Ratepayers in Hawkes Bay have every reason to expect accountability and transparency from a big irrigation project in the region.

Years in the planning, the Ruataniwha water storage scheme is designed to create a 320 hectare lake, held in place by an 80m-high dam. Over summer, farmers contracted to take water from the reservoir would have reliable flows during times of pinched supply for their stock and crops.

Dam construction costs, which includes getting water to the farm gate, were first estimated around $275 million.

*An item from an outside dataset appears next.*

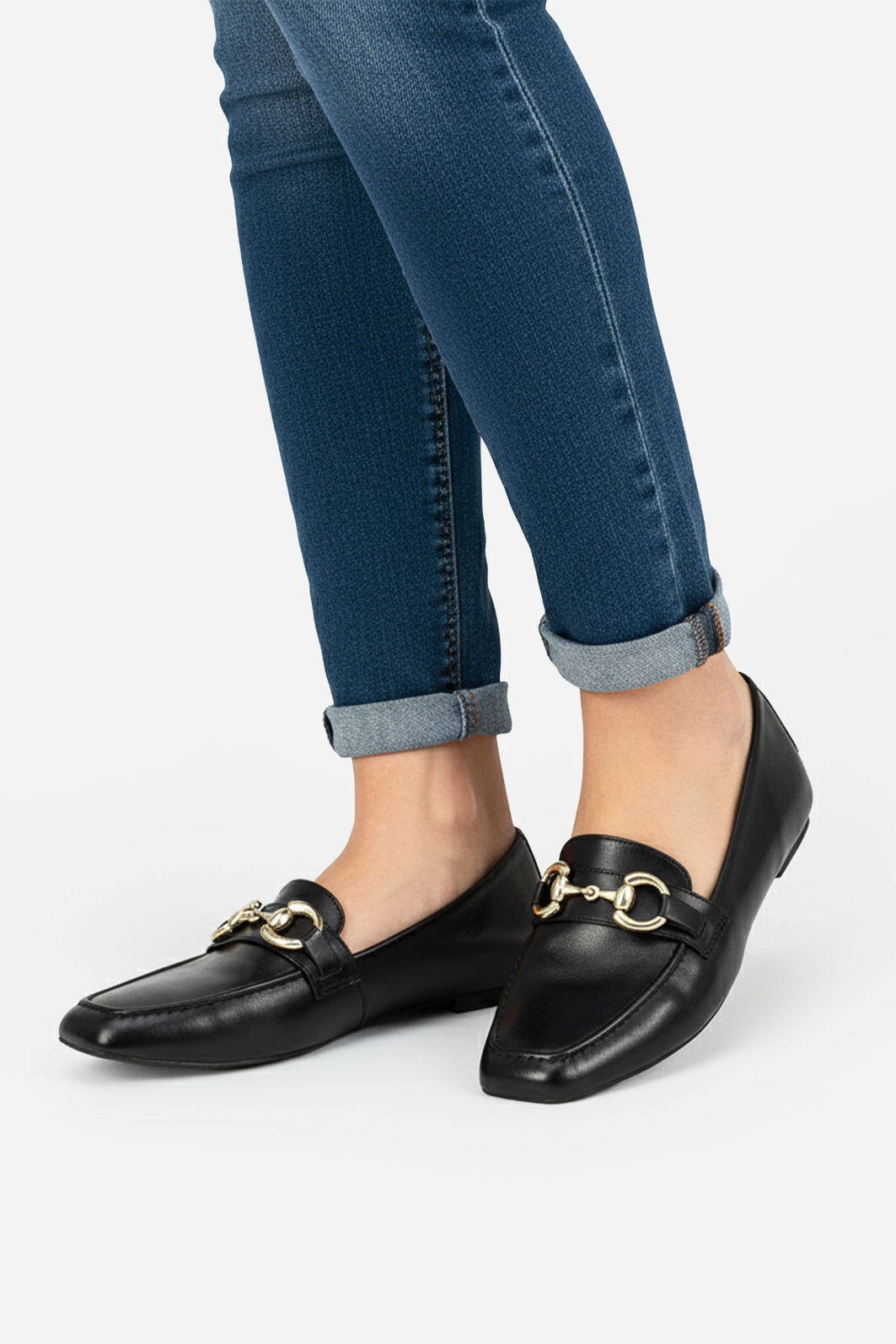 Elegante, atemporal e cheio de presença. Esse mocassim preto de bico quadrado é a escolha certa para quem quer unir sofisticação e conforto no dia a dia. O acabamento impecável se destaca pelo enfeite dourado no cabedal, que adiciona um toque de luxo ao visual sem exageros. A estrutura macia e o salto flat garantem praticidade para a rotina, enquanto o design refinado combina com alfaiataria, jeans ou vestidos. Um clássico que vai do escritório ao final de semana com muita classe.
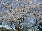 長い参道を入り、本堂左手に回り込むと大きな桜が数本あり、満開だった。

A review released last week by the Hawkes Bay Regional Council included a higher figure of $333 million, of which $80 million was to be borne by local ratepayers and the rest by Government-owned Crown Irrigation Investments and possibly ACC, which has been identified as a potential investor. The cost to farmers also jumped, from $200 million to $556 million, for pipes and irrigators and other capital items.


So the regional project, which has already consumed some $16 million, will potentially have taxpayers shouldering risk, while promoters of the scheme have yet to confirm whether the enterprise has convinced enough farmers to sign up to buy water to justify the investment.

The promoters announced Monday of this week was D-day for farmers to get on board. Previously it has said it had countersigned contracts for 31 million cubic metres of water with a minimum of 45 million cubic metres needed to be sold to make construction financially viable. This was also the trigger point for the regional council to commit a further $66 million into the dam. But it appears the public will have a wait two weeks to learn whether this threshold has been crossed.

The scheme as designed could, according to the promoters, generate 3500 jobs and contribute $380 million to Hawkes Bay's GDP. Clearly it has the makings of a significant regional asset.

Yet warning lights have flashed throughout the gestation of the scheme. The regional council's investment company HBRIC has been looking for alternative institutional investors since Trustpower and Ngai Tahu pulled out in early 2014, saying the risks surrounding the dam were too high and the returns too low. One economist suggested the projected price of water was too high for farmers and too low for investors, leaving the dam "stuck in the valley of death".

A battle was waged over environmental impacts, and former Conservation Minister Nick Smith was accused of meddling in the scheme to overcome concerns about water pollution. And a judge who ruled on a challenge to the report of a board of inquiry declared the tribunal had created a "factual fiction" to allow the project to go ahead.

Irrigation projects, properly designed and funded by those who benefit from them, play a vital role in the New Zealand economy. Schemes which need rules bent to get them over the line and financial risks shifted to those who derive little if any benefit should have to clear a very high bar. The longer the Ruataniwha project takes to tick all the boxes, then the case for it proceeding becomes harder to sustain.